当社グループの事業その他に関して、投資者の投資判断上重要であると考えられるリスクは、以下のとおりです。なお、本項においては、将来に関する事項は、別段の表示がない限り、当連結会計年度末現在において、当社グループが判断したものであります。
(1) 事業に係るリスク
①ブランド価値の毀損
当社グループは、「POLA」「ORBIS」などのマルチブランド展開を図っており、各ブランドは、誠実な企業経営とお客さまの信頼に応えた製品・サービスの提供により、ブランドイメージの形成とその維持向上に十分努めております。しかしながら、当社グループの製品・サービスに関する否定的な評判や評価が世間に流布することによって信用が低下し、ブランドイメージが毀損された場合、当社グループの経営成績及び財政状態に悪影響を及ぼす可能性があります。
②グループ内の競合
当社グループは、マルチブランド・マルチチャネル戦略を掲げ、既存の各ブランド及び新規ブランドをターゲット(購買層)別・価格帯別・販売チャネル別にカテゴライズして展開しており、競合は発生していないと認識しております。しかし、グループ戦略として既存ブランドの価値最大化及びマルチブランド化への展開を加速させていく過程において、当社グループ内での競合が発生する可能性があり、当社グループの経営成績及び財政状態に悪影響を及ぼす可能性があります。
③販売パートナー(営業所長、ポーラレディ)の確保
当社グループの化粧品事業の主軸となる株式会社ポーラでは、委託販売契約に基づく訪問販売による化粧品事業を展開しております。委託販売契約先となる販売パートナーの人材確保は、事業拡大に向けた重要な事業活動の一つであり、恒常的に取組んでおります。しかし、特定商取引に関する法律の規制強化や労働環境の変化があった場合、人材確保のための施策が困難となったり、ポーラレディ希望者の減少等から、十分な人材の手当が行えない可能性があり、当社グループの経営成績及び財政状態に悪影響を及ぼす可能性があります。
④戦略的投資活動
当社グループは、中国を中心とした海外展開、M&A及び新規事業に対し戦略的投資を行っております。戦略的投資活動の意思決定に際しては、必要な情報収集及び検討を実施しておりますが、予期し得ない環境変化等により、当初意図した成果が得られない場合には、当社グループの経営成績及び財政状態に悪影響を及ぼす可能性があります。

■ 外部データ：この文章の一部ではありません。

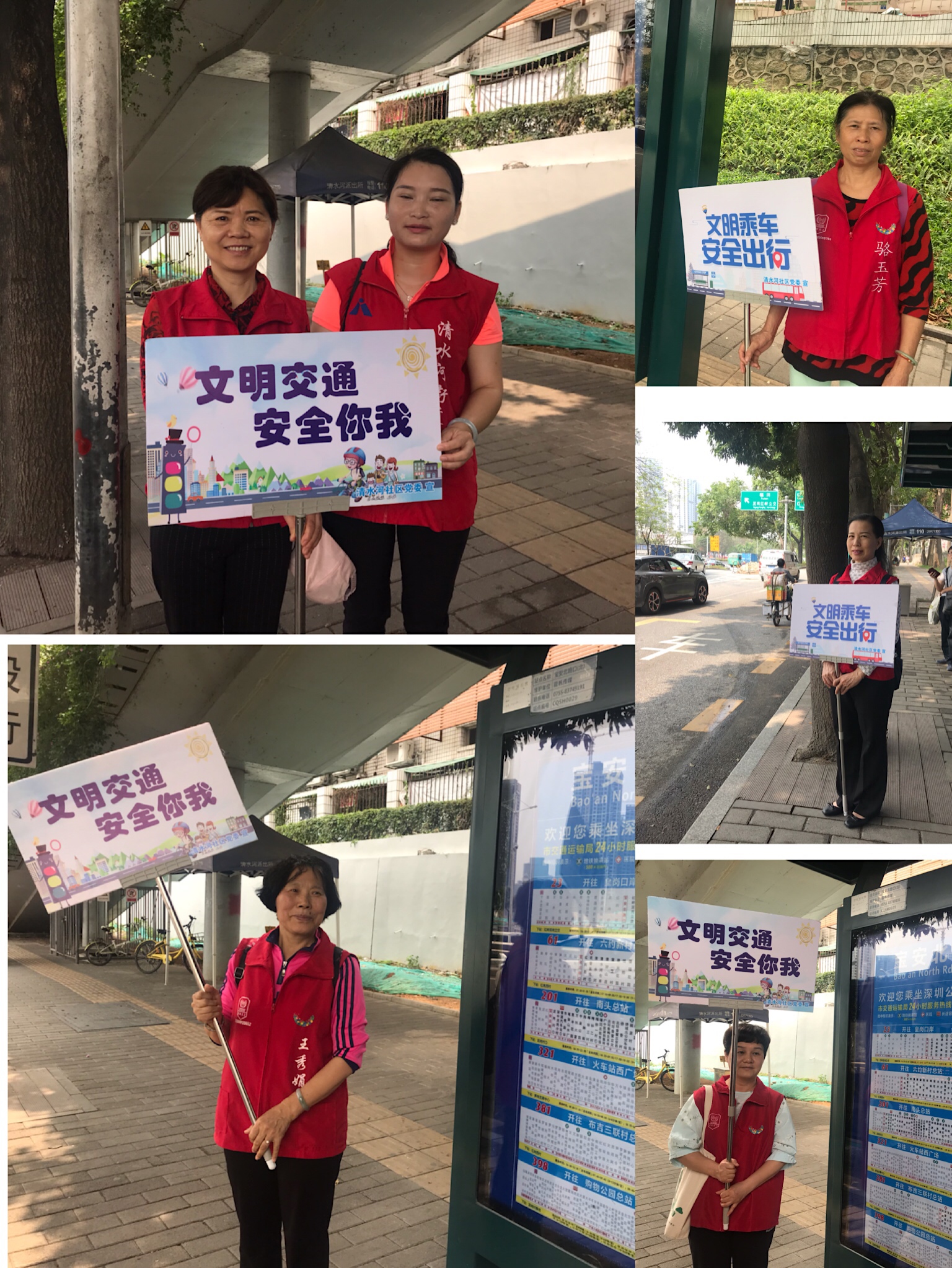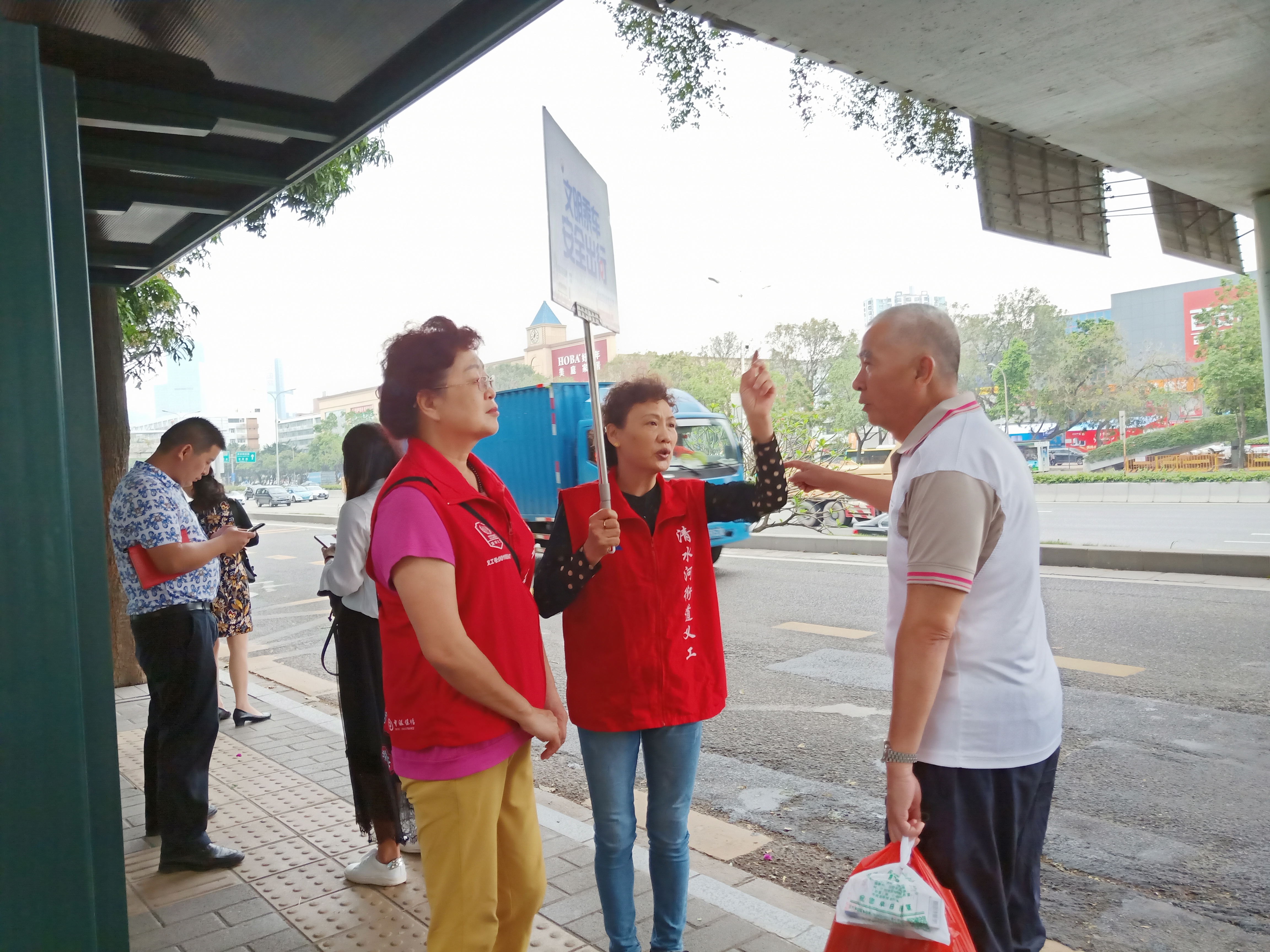 义工为了更直观、形象地表达文明交通的安全性手持安全出行提示牌分别在红岗花园及宝安北路口两个公交站台进行文明劝导活动。义工们在公交站台积极帮助有需要的居民选择合适的公交车并引导乘坐公交车的居民排队上车。同时,义工们还向居民倡导文明出行的理念,自觉抵制不文明交通违法行为,遵守交通法规,提高文明出行的意识。
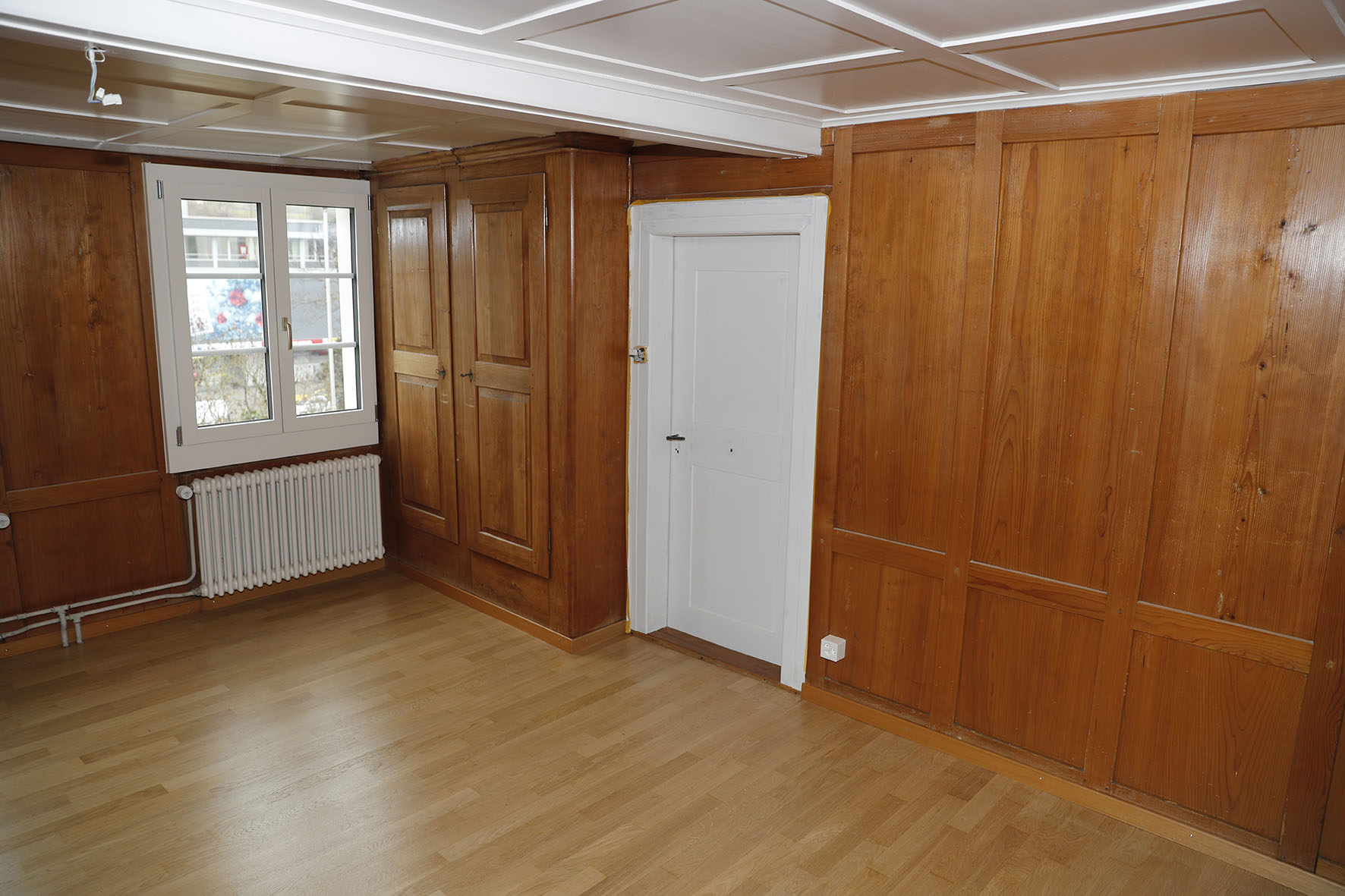 Der Anbau enthält das allgemeine Treppenhaus und Wasch-/Trockenräume (im Sockelbereich). Pro Etage ist im Anbauvolumen ein zusätzliches Zimmer und auf der Stirnseite eine Loggia. Zusammen mit den drei Altbau-Zimmern (pro Etage) ergeben sich zwei aussergewöhnliche 4-Zimmer-Wohnungen und eine 3½-Zimmer-Dachwohnung, die im Spannungsfeld von Alt und Neu oder von klassischem Holztäfer und moderner Raumgestaltung stehen. Sehr speziell ist die Dachwohnung, in welcher die alten Dachkonstruktionsbalken freigelegt und ins Raumkonzept integriert sind.

また、事業用資産やM&Aに伴い計上されるのれん等の資産については、今後の業績動向や、時価の下落等によって期待されるキャッシュ・フローを生み出さない状況により、減損損失を計上する可能性があります。
⑤化粧品市場環境
国内化粧品市場は成熟期を迎えており、M&Aによる企業グループの再編、異業種からの新規参入、流通業及び小売業の提携・統合に伴う影響力の増大など、競争環境は厳しさを増しております。従って、当社グループが予期せぬ競争環境の変化に的確に対処できない場合には、当社グループの経営成績及び財政状態に悪影響を及ぼす可能性があります。
⑥研究開発
研究開発は当社グループの競争力の源泉のひとつであり、継続的に研究開発投資を行っています。年度研究開発計画に基づき、効果的・効率的な研究開発活動を行っておりますが、新製品の開発が長期にわたる場合、成果が翌期以降に及ぶことがあります。また、予定どおりの成果が得られない場合、期間の延長や投資額の増加を強いられる場合や、結果として製品化できない場合もあります。さらに、製品化できた場合でも、様々な要因による不確実性が伴うため、必ずしもお客さまに受け容れられるとは限りません。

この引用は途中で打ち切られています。